Yes. Best way is to use needle nose plier and hold the wire straight right at the body of the resistor and to bend out past the needle nose. Less chance for breaking the wire at the body of the resistor this way.

Yes. I would suggest using a pair of flush cutters and have the flush side of the cutters towards the resistor. Less mechanical shock sent down the wire to the body of the resistor or other component and less chance for failure of the component.

If the lamp is a low voltage lamp, let's say 6 volts as an example. It will be rated at some specific current flow through the lamp at 6 volts, let's use 0.02 amps, also called 20 milliamps. Using Ohms law we can calculate out that the resistance of the lamp when it is operating is 300 ohms. The lamp will last a good long time at 6 volts, won't get too hot and will not be real bright. Now hook that same 6 volt lamp up to 12 volts and with all other factors being the same you have doubled the current going through the lamp. The original lamp was dissipating 0.120 watts. Now lets see what the same lamp on 12 volts does for dissipation. To get power I am using the formula of I^2 * R where I is the current in amps and R is the resistance in ohms of the lamp. After doing the math the result for this lamp on 12 volts is 0.48 watts. That is four times the dissipation that the lamp is designed for. It will be Real Bright for a Short amount of time.
With the above items known it is easy to see that to hook a 6 volt lamp to a 12 volt power supply there has to be a way to make the lamp see only 6 volts. That is what the resistor does. Ohms law would be used to calculate out that you need a resistor of 300 ohms to keep the current in the circuit down at 0.02 amps. Put this resistor in series with the lamp and the lamp will only see the 6 volts it was designed for. The resistor will have 6 volts dropped across itself. In this instance I would recommend a 1/4 watt resistor to keep the temperature down on the resistor body. a 1/8 watt resistor, while still within the limits of it's ratings, is going to get real hot. The 1/4 watt resistor while dissipating the same amount of power will have significantly more surface area to radiate the heat away. It will stay quite a bit cooler than the 1/8 watt device.

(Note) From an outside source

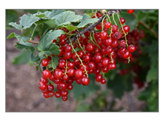
Red Currant fruit

A medium-sized shrub grown for its tasty red berries in summer, good for jam; quite stiff and upright, becoming looser with age; best for a reserved spot in the orchard or fruit garden, can be susceptible to mildew so allow for good air movement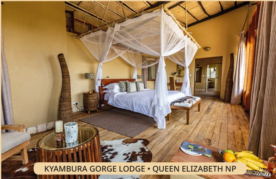
KYAMBURA GORGE LODGE • QUEEN ELIZABETH NP

For multiple bulbs the calculations get a little bit more complicated and I don't plan on going into them here. Suffice it to say that as long as ALL the lamps are the same and they are all working, yes you could use just one resistor and put all your lamps on that one resistor. BUT, if one uses different rated lamps on the circuit they all have to be the same voltage. And then one would have to calculate the equivalent resistance of the lamps when they are in parallel. When one of those lamps open up then the rest of the lamps see an increase in voltage. As that happens the power dissipation in the remaining lamps goes up and soon you have to replace all the lamps at the same time.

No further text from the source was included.